3 years ago

Confirming chemical clocks: asteroseismic age dissection of the Milky Way disk(s).

L. Casagrande, M. Hon, V. Silva Aguirre, W.H. Trick, I. Ciuca, D. Huber, M.N. Lund, A.M. Serenelli, M. Bojsen-Hansen, M. Martig, R. Schönrich, H.W. Rix, D. Kawata, P.E. Nissen, J.R. Mosumgaard, S. Cassisi, J. Yu, J. Tayar, D. Stello, J.C. Bird, J.A. Johnson, D. Slumstrup, C. Sahlholdt, M.H. Pinsonneault

Investigations of the origin and evolution of the Milky Way disk have long relied on chemical and kinematic identification of its components to reconstruct our Galactic past. Difficulties in determining precise stellar ages have restricted most studies to small samples, normally confined to the solar neighbourhood. Here we break this impasse with the help of asteroseismic inference and perform a chronology of the evolution of the disk throughout the age of the Galaxy. We chemically dissect the Milky Way disk population using a sample of red giant stars observed by the {\it Kepler} satellite, with the added dimension of asteroseismic ages. Our results reveal a clear difference in age between the low- and high-$\alpha$ populations, which also show distinct velocity dispersions in the $V$ and $W$ components. Contrary to previous studies we find no tight correlation between age and metallicity nor $\rm[\alpha/Fe]$ for the high-$\alpha$ disk.

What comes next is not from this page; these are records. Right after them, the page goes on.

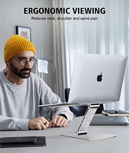 Glangeh Laptop Stand Adjustable Height, Ergonomic Air-Ventilated Laptop Riser Holder for Desk, Aluminum Foldable Laptop Cooling Pads Computer Stand Compatible with MacBook Air Pro (10-16")-Silver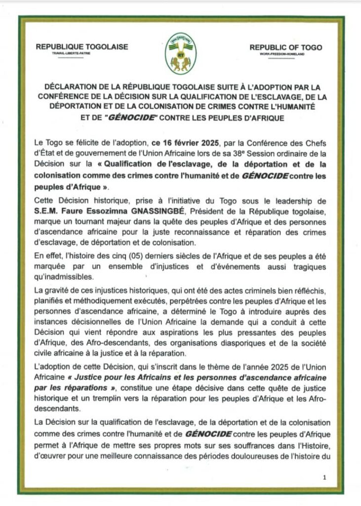 Cette « décision historique, prise à l’initiative du Togo sous le leadership du président Faure Gnassingbé, président de la République togolaise, marque un tournant majeur dans la quête des peuples d’Afrique et des personnes d’ascendance africaine pour la juste reconnaissance et réparation des crimes d’esclavage, de déportation et de colonisation », souligne la déclaration publiée par le Togo, à l’issue de l’adoption du texte par la Conférence des chefs d’Etats.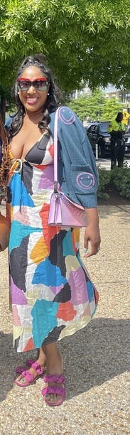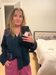 I liked this sweater a lot. The fit was just right and I felt like it was playful in a fun way. Loved the little purple pop of color in the smiley faces. I would rent again.
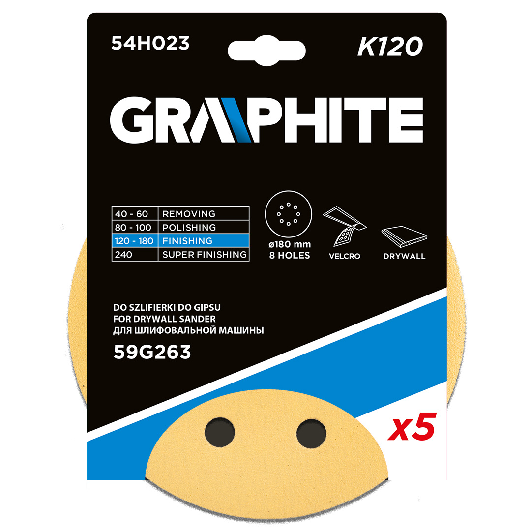 Krążek ścierny na rzep 180 mm, K120, 5 szt., z 8 otworami do szlifierki 59G263, 54H023 marki GRAPHITE o średnicy 180 mm i gradacji K120. Opakowanie zawiera pięć sztuk krążków, przeznaczonych do szlifierki do gipsu 59G263 GRAPHITE. Akcesoria posiadają 8 praktycznych otworów, rozmieszczonych na 110 mm. Krążki na rzep wykonane zostały z typu papieru C. Charakteryzują się półotwartym nasypem i ziarnem wykonanym z elektrokorundu. Będą odpowiednie zarówno do zastosowań profesjonalnych jak i podczas zadań majsterkowicza.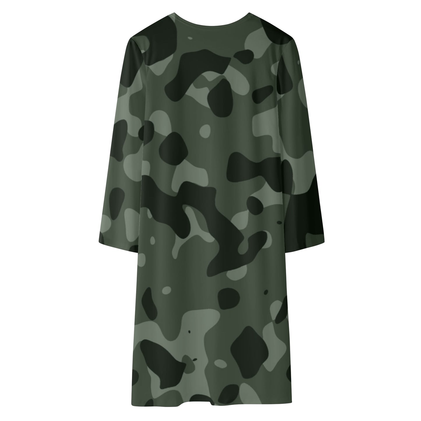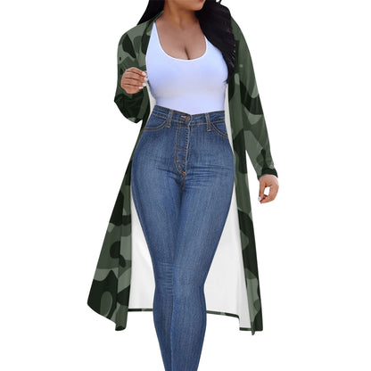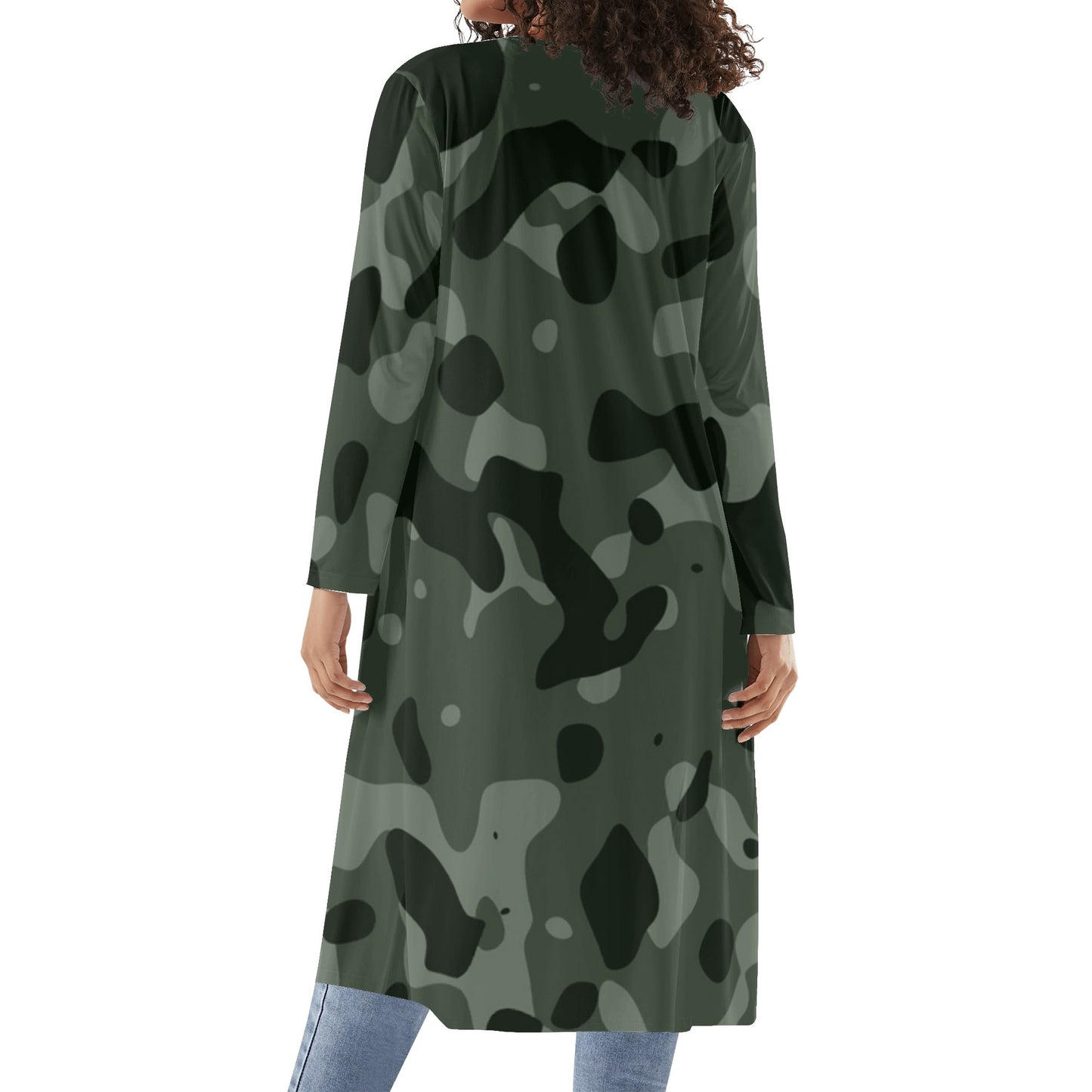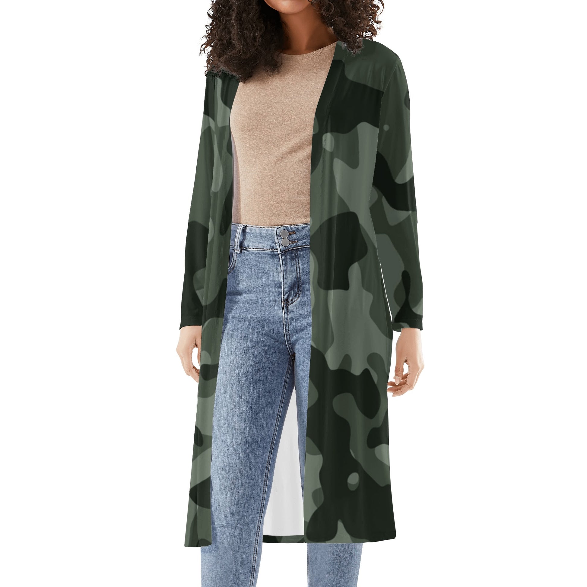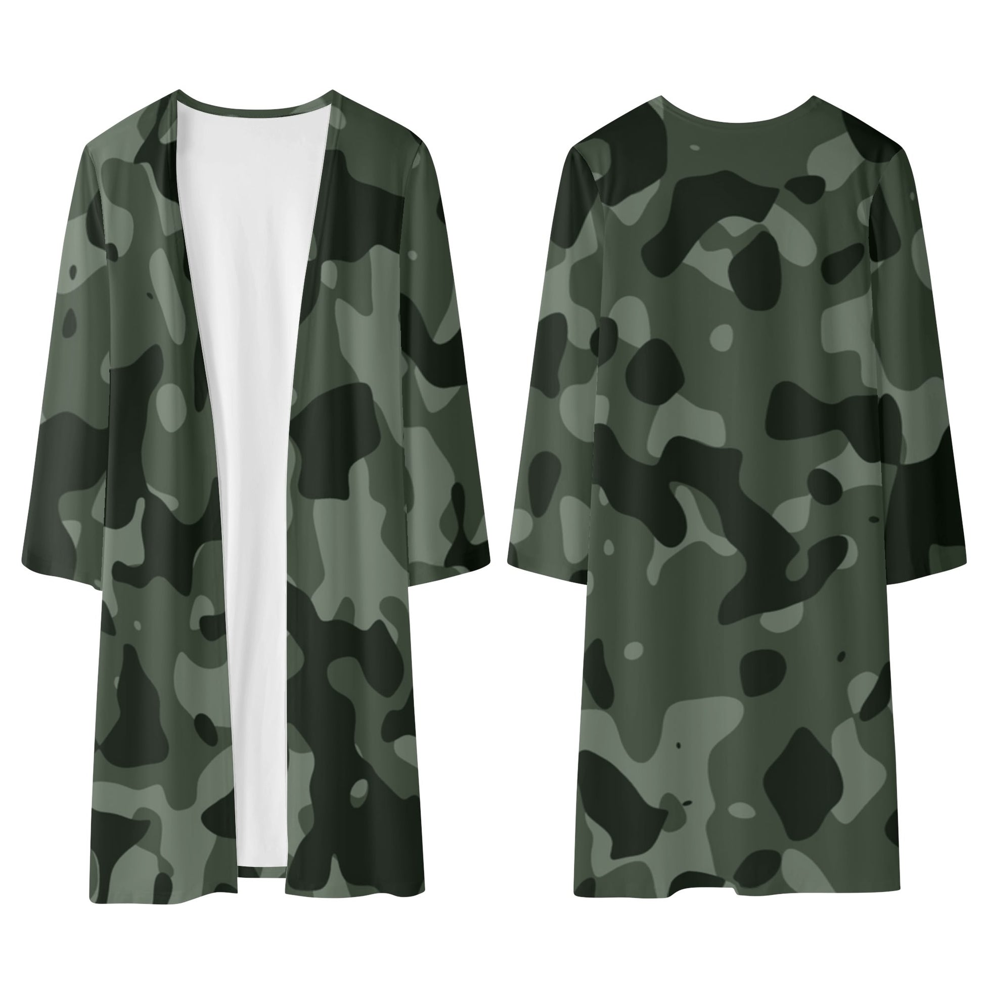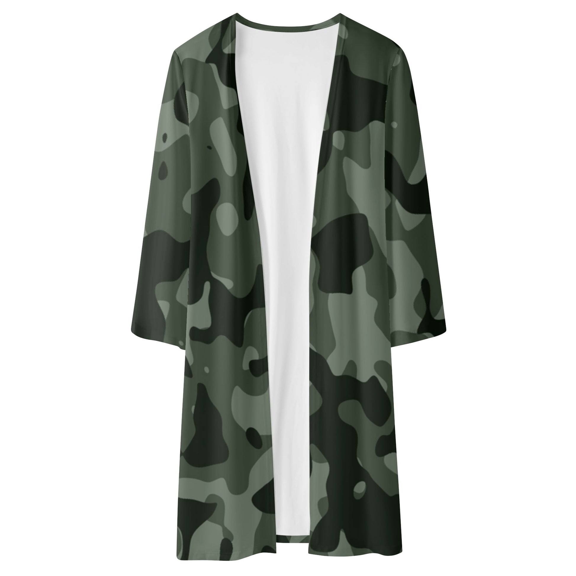 Dieser lange, leichte Kimono Cardigan im Green Camouflage-Muster ist ein trendstarkes Highlight für deine Garderobe.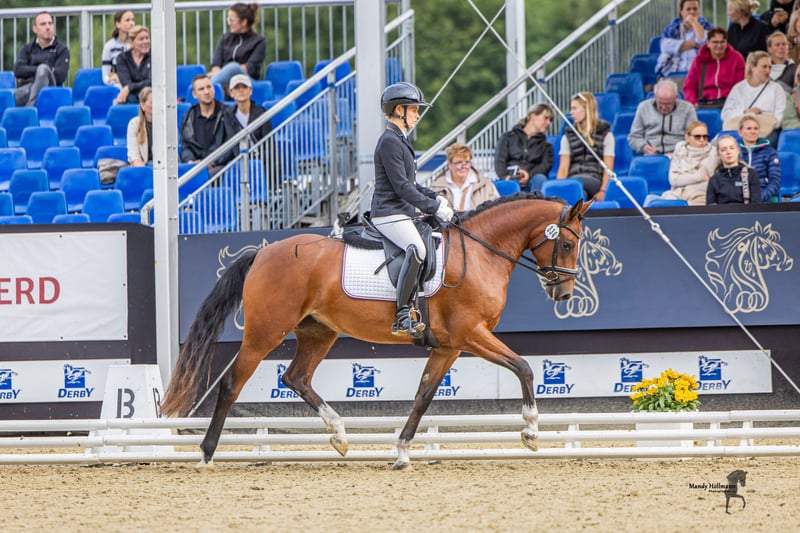 For sale is our charming, very people-oriented mare Raute. Raute was born with us and grew up in a herd environment with plenty of turnout. She is a state premium candidate (1 c prize) and was placed in the finals of the 3-year-old mares and geldings at the Bundeschampionat in Warendorf. Thus, she is the 4th best mare in the breeding book for German Riding Ponies of the 2022 crop. Raute has been gently started under saddle with us and is now being slowly prepared for a riding break after the championship. Particularly noteworthy is Raute's outstanding walk and her very elastic basic gaits, which were rated with scores of 8 and 9 at the elite mare show and in the riding horse tests. Raute has only had 3 starts in riding horse tests and has always been placed. A jewel for the big sport is maturing here. Raute's mother "Rominas Royal Lady WE" comes from the renowned breeding establishment Gestüt Kastanienhof/Coldewey. She is also a state premium candidate and was 3rd at the mare championship in Lienen. Not much needs to be said about Raute's father Dreidimensional AT; he is a multiple Westphalian and Bundeschampion and has already produced numerous licensed stallions and state premium daughters. Raute has never been seriously ill and has already been examined radiologically with no findings. She is being sold with a heavy heart into appreciative and supportive hands. If you are interested or have any questions, please feel free to contact me.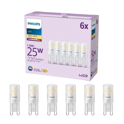 Multipack 6x Philips LED Capsule G9 Frosted 1.9W 220lm - 827 Extra Warm White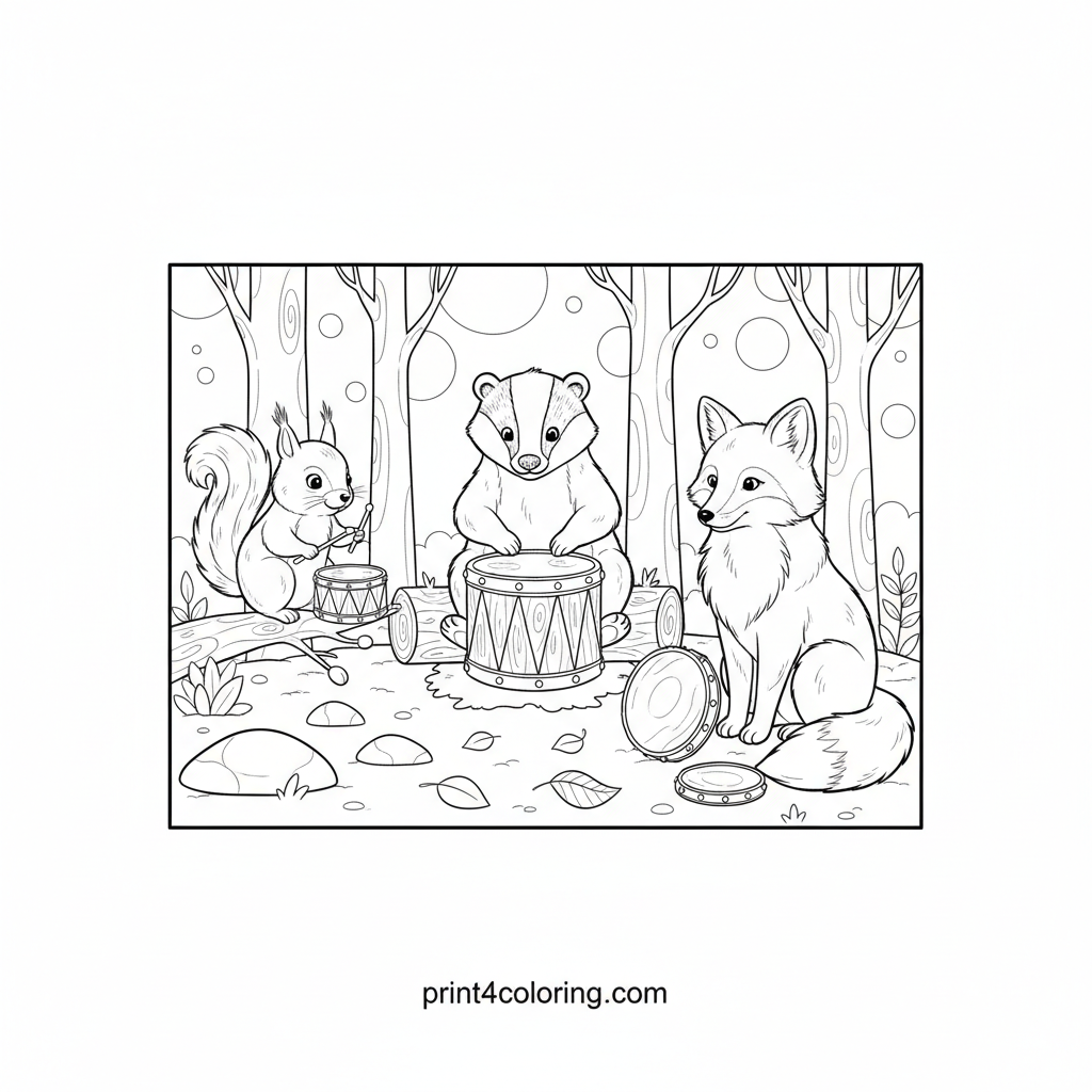 Woodland Rhythms: Forest Friends Drum Circle Coloring Page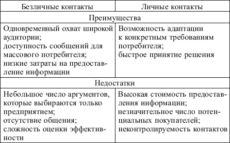 Решения по коммуникациям связаны с налаживанием личных или безличных контактов с потенциальными потребителями товаров предприятия (табл. 5.3).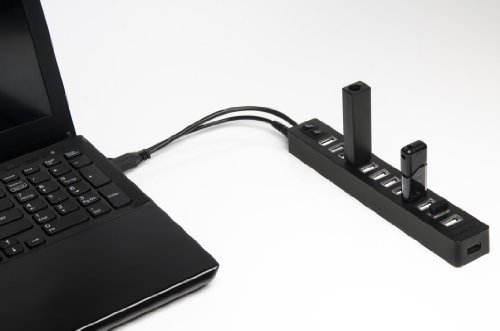 Add up to 13 peripherals quickly and easily with the Sabrent HB-U14P USB 2.0 Hub. Especially great for notebooks which come with only a few ports in an era when you need to attach many USB devices at once, such as a printer, card reader, cell phone, iPod, thumb drive, mouse, keyboard, or an external hard drive. Achieve full 480 Mbps on each port. Fully backwards compatible with the USB 1.1 products. Equipped with a power supply, The hub is uniquely designed so that the two switches can control first six or second seven usb ports with the blue Led indicators.

Our results indicate that this component formed over a period of more than 2~Gyr with a wide range of $\rm[M/H]$ and $\rm[\alpha/Fe]$ independent of time. Our findings show that the kinematic properties of young $\alpha$-rich stars are consistent with the rest of the high-$\alpha$ population and different from the low-$\alpha$ stars of similar age, rendering support to their origin being old stars that went through a mass transfer or stellar merger event, making them appear younger, instead of migration of truly young stars formed close to the Galactic bar.